# Seguimento Ásia 2012



## Gerofil (5 Jan 2012 às 19:03)

*Ciclone deixa mais de 30 mortos na Índia*

O ciclone Thane deixou ao menos 33 mortos e destruiu milhares de moradias nos estados indianos de Tamil Nadu e Andhra Pradesh, no sul, informou hoje a Autoridade Nacional de Manejo de Desastres. Com ventos superiores a 150 quilômetros por hora e acompanhado de intensas chuvas, o fenômeno meteorológico afetou principalmente o distrito de Cuddalore, onde 21 pessoas morreram afogadas, electrocutadas ou por causa do desmoronamento de moradias e queda de árvores. Apenas nessa região ficaram totalmente destruídas ou seriamente danificadas cerca de cinco mil moradias de pescadores, geralmente de pau-a-pique.
Segundo o Sistema Mundial de Alerta e Coordenação frente a Desastres da ONU, nas áreas afetadas vivem ao redor de 1,2 milhão de pessoas, um terço delas em zonas costeiras muito baixas. Na Índia, a temporada ciclônica estende-se de abril a dezembro, um período durante o qual ocorrem destrutivas tempestades tropicais, principalmente na baía de Bengala.

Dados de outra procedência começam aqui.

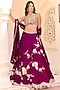 Dark Plum Satin Silk Aari Embroidered Lehenga Set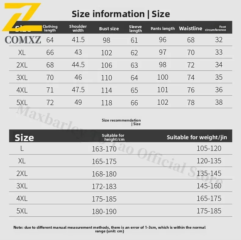 | Size (EU) | Clothing Length | Shoulder Width | Bust Size | Sleeve Length | Pants Length | Waistline | Foot Circumference |

A maior parte dos 7.516 quilômetros de costa da nação sul-asiática é muito vulnerável a ciclones e tsunamis.
Em 1999, um furacão com ventos de até 300 quilômetros por hora provocou a morte de cerca de 10 mil moradores da costa, no oriental estado de Orissa. De acordo com especialistas da ONU, a Índia perde a cada ano mais de 17,2 bilhões de dólares por um mau manejo das situações de desastre.

Prensa Latina


----------



## Ferreiro (15 Jan 2012 às 16:06)

-55.8ºC em Amga, temperatura mínima no hemisferio norte neste inverno 2011-2012 pelo de agora.


----------



## Gerofil (17 Jan 2012 às 12:30)

Japão (15 de Janeiro de 2012)


hokkaidoch


----------



## Dan (17 Jan 2012 às 22:33)

Brutal nevão!


----------



## Gerofil (18 Jan 2012 às 23:37)

*Temperatura em Iakútia atinge 56 abaixo de zero*






Em Iakútia e no Extremo Oriente da Rússia esta manhã chegou uma temperatura anormalmente baixa. O maior frio fez na cidade de Ytyk-Kyuel, onde foram registrados 56 graus abaixo de zero. Todas as escolas cancelaram as aulas, jardins de infância estão fechados.
Os frios com uma marca abaixo de 50 graus negativos, que envolveram uma enorme área de Iakútia, durarão mais alguns dias. 30-40 graus abaixo de zero são registrados no Kolyma, Chukotka, na região de Amur e autônomo judaico, regiões Primorski e Khabarovski em Sacalina.

Voz da Rússia


----------



## ecobcg (20 Jan 2012 às 12:17)

Outro video sobre a enorme queda de neve no Japão:

http://english.ntdtv.com/ntdtv_en/news_asia/2012-01-17/record-snow-sweeps-japan.html


----------



## Danilo2012 (21 Jan 2012 às 07:09)

sigo em nagano com tempo nublado nas proximas horas esta previsto nuvens do pacifico vim para nagano.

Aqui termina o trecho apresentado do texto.